Note that a similar principle — roasting due to thermal radiation — is used when cooking on open coals in a traditional barbecue and other similar devices. However, IR burners also have several advantages here. So, they provide the most efficient and uniform heating; and if the grill with an IR heater runs on gas (and most of them) — then the heating intensity can also be easily adjusted. The second imp...ortant advantage of infrared burners over coals is that the ingredients do not get smoke and other combustion products that may contain harmful substances; so this cooking is even healthier. At the same time, drops of fat, vegetable juice, etc., falling on the heater, evaporate and give the food a characteristic smoky taste, so that ready-made meals do not differ much from charcoal dishes. And cleaning the heater plate is much easier than the brazier firebox.

Working surface

The size of the working surface provided in the device, in length and width; for round surfaces, two sizes are also given (both of them correspond to the diameter).
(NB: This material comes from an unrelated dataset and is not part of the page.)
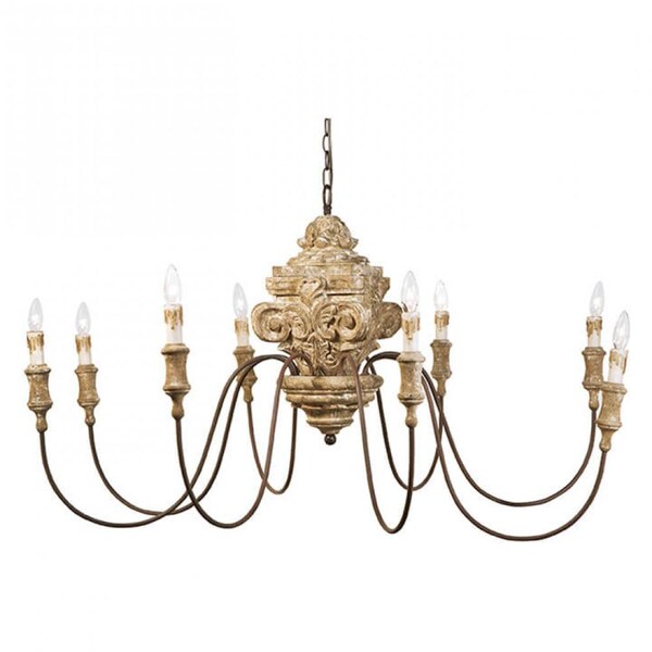 Regina Andrew Wood Carved Chandelier; Dimensions 49W x 31H x 49D; Uses eight maximum 60 Watt E12 Base Bulbs (Not Included)
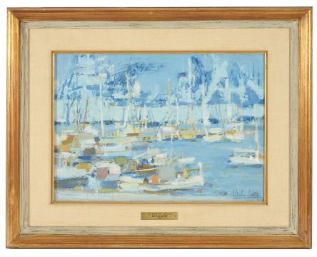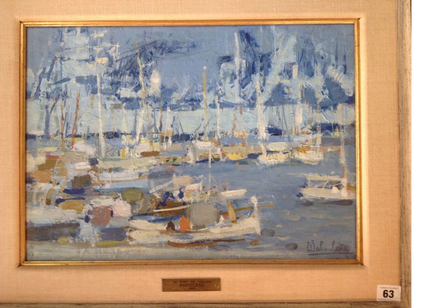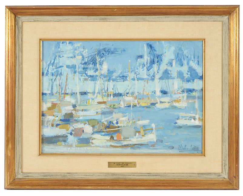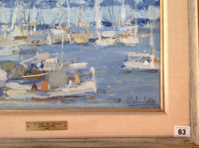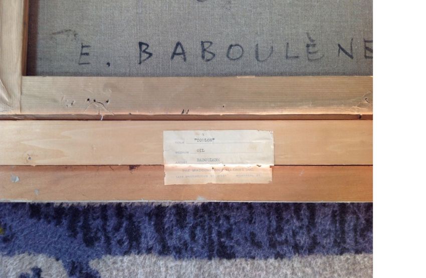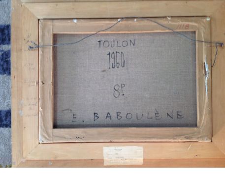 'Le Port De Toulon' oil on canvas, signed lower right, framed, brass plaque engraved 'Le Port De Toulon Baboulene 1960', 'Toulon 1960 8p E. Babolene' on canvas verso, paper label from The Waddington Galleries Inc.

Note that in many models these dimensions coincide with the overall dimensions in length and width (see "Dimensions (WxL)"), therefore, in some cases, information on the working surface may not be specified; a typical example is classic rectangular barbecues. There is also the opposite option — when only this parameter is given, without indicating the overall dimensions; in such cases, these dimensions usually also coincide with the dimensions of the working surface (or differ from them very slightly).
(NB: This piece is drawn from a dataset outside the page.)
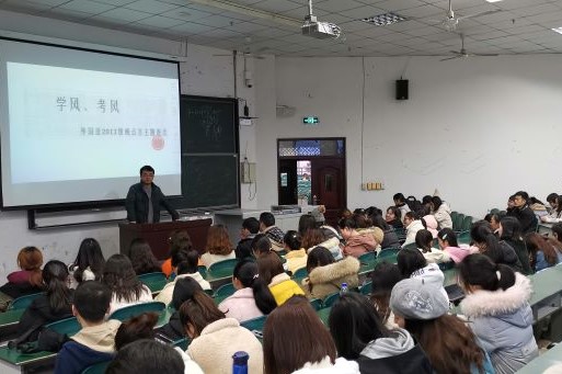 为了积极响应学校“三风”建设的号召,提高广大学生对“三风”建设必要性和重要性的认识,外国语学院2017级、2018级和2019级全体学生于2019年12月29日展开“班风、学风、考风”主题班会,本次班会由辅导员袁超、何丹丽老师主持。
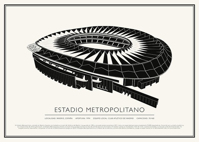 Estadio Metropolitano Vintage Sketch 02 ES Póster

Anyway, the size of the working surface allows you to evaluate the total capacity of the product, as well as some other features. For example, for tandoors (see "Type"), the size of the neck can be given in this paragraph, but the firebox can be wider. However, anyway, two points should be taken into account. Firstly, it is necessary to take into account not only the dimensions, but also the shape of the surface; this is especially true for barbecue grills, where the options in form are quite diverse. Secondly, the larger size inevitably affects the dimensions and cost, and often also the weight of the device.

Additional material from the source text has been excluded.